Carbohydrate antigen 125 (CA125) is increasingly recognized as a biomarker in heart failure (HF). However, its response to sodium-glucose co-transporter 2 inhibitors (SGLT2i) after acute myocardial infarction (AMI) remains insufficiently explored. In this study, CA125 levels were measured from plasma samples collected in the EMMY trial, and robust linear mixed-effects models (R-LMEMs) were applied to assess the effects of empagliflozin on CA125 levels, their changes over a 26-week period, and their associations with established HF biomarkers. Our analysis showed that empagliflozin had no statistically significant effect on log-transformed CA125 levels.

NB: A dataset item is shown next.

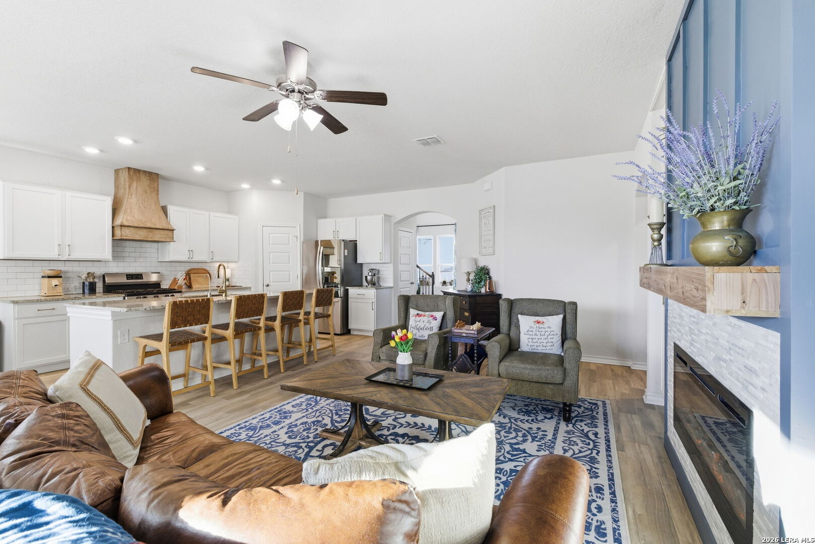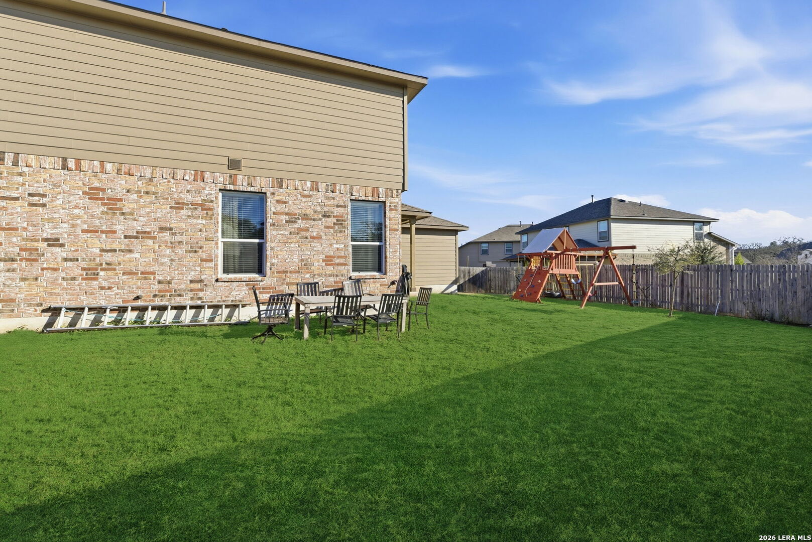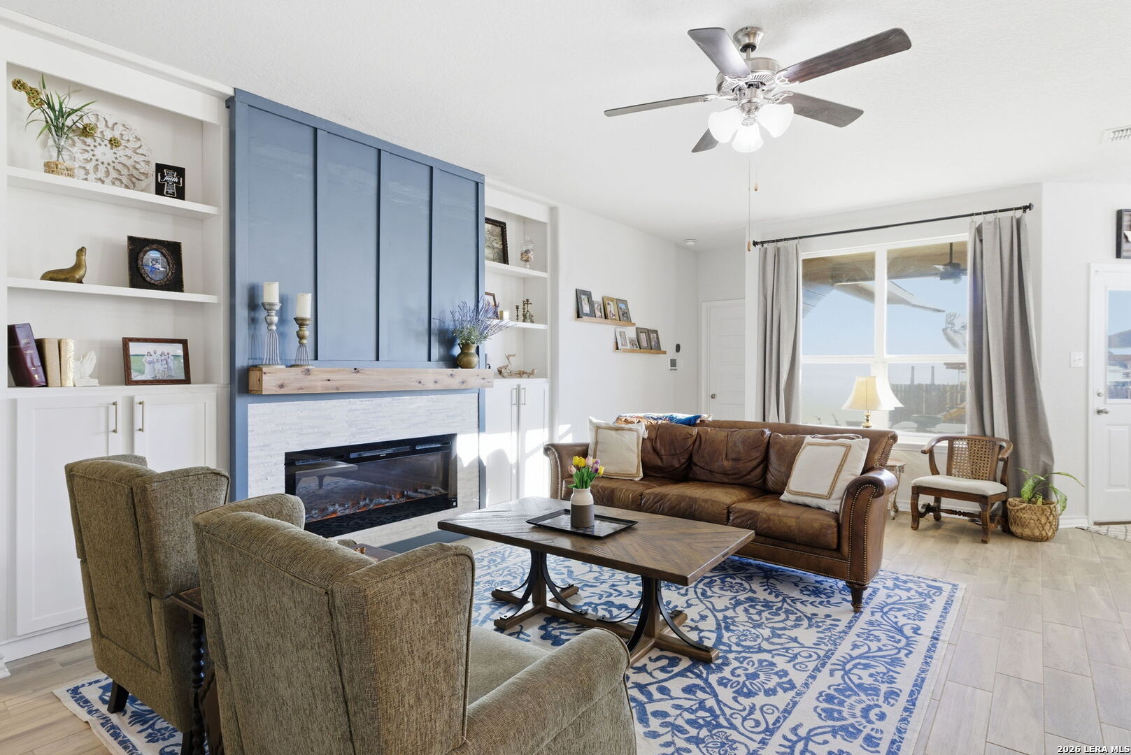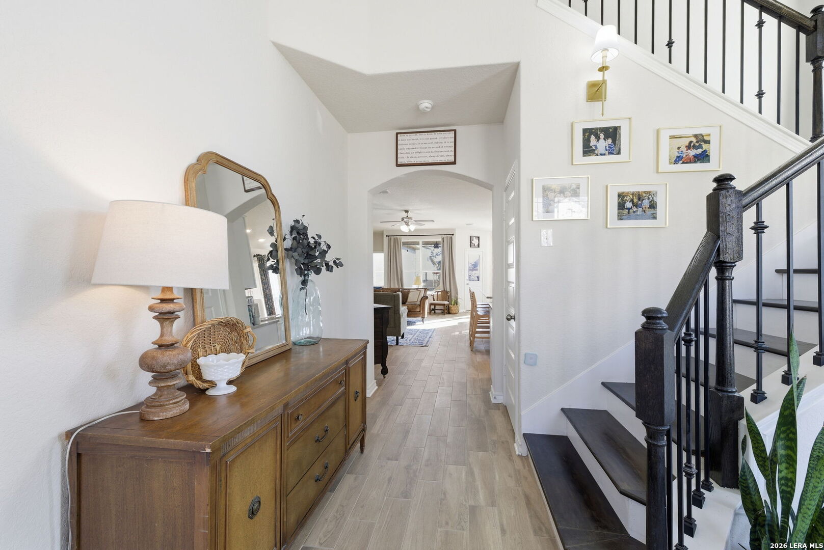Located in sought-after Copper Canyon and just a five-minute walk to neighborhood amenities, this beautifully upgraded 5-bedroom, 3.5-bath residence offers 2,869 square feet of thoughtfully curated living space on a spacious 1/4-acre corner lot. From the charming stone exterior to the inviting front porch, the home makes a striking first impression. The moment you step inside, soaring ceilings and abundant natural light create a bright, uplifting atmosphere. Inside, porcelain wood-look tile spans the entire first floor, creating warmth, durability, and visual continuity. The open-concept layout is anchored by a stunning living room featuring a custom electric fireplace with 42" built-ins, blending warmth and architectural detail while providing functional storage. The kitchen has been tastefully elevated with granite countertops, stainless steel appliances, decorative brass handles and a custom decorative wood hood vent that serves as a beautiful focal point. Adjacent to the kitchen, the dining space is enhanced by a designer light fixture and a custom decorative plate rack, adding character and charm to everyday gatherings. Spacious primary suite featuring vaulted ceilings, abundant natural light, and warm porcelain tile for a bright, airy feel. The room comfortably accommodates large furniture. The en-suite bath offers a spa-like retreat with a soaking tub framed by elegant tile surround, and custom Quartz double vanity with updated gold fixtures, lighting and framed mirrors. Large windows enhance the space with natural light, creating a clean, relaxing atmosphere perfect for unwinding. Upstairs feels like an entirely separate sanctuary, offering a private retreat from the main living areas. The expansive family room is anchored by a custom built-in, blending thoughtful organization with refined design and elevating the space beautifully. The solid wood staircase adds richness and craftsmanship rarely found in this price range. All bathrooms have been thoughtfully updated with refined finishes. The secondary bedrooms are generously sized and feature walk-in closets along with ceiling fans for year-round comfort. Each of the four bedrooms includes access to a Jack-and-Jill bathroom, offering excellent functionality and convenience for secondary living spaces Outdoors, the covered patio overlooks the expansive backyard, offering ample room for a future pool, garden, or entertaining space - a rare benefit of the oversized corner lot. One of the most exceptional aspects of this home is the community, numerous monthly events offered for all members of your family to enjoy. This home offers intentional upgrades throughout, generous living spaces, and a prime location, at an exceptional value!

CA125 exhibited minor fluctuations at 6 weeks before declining at 26 weeks to a level below baseline, which had been measured shortly after AMI. Log-transformed CA125 was significantly associated with log-transformed N-terminal pro-B-type natriuretic peptide (NT-proBNP) and multiple echocardiographic parameters, including left ventricular ejection fraction (LVEF), end-diastolic and end-systolic dimensions, and volumes (LVEDD, LVEDV, LVESD, LVESV), and the ratio of early diastolic transmitral inflow velocity to early diastolic mitral annular velocity (E/e’). Notably, CA125’s associations with NT-proBNP and E/e’ were modified by empagliflozin. In conclusion, although CA125 showed significant associations with established HF biomarkers, it did not exhibit a parallel response to empagliflozin after AMI.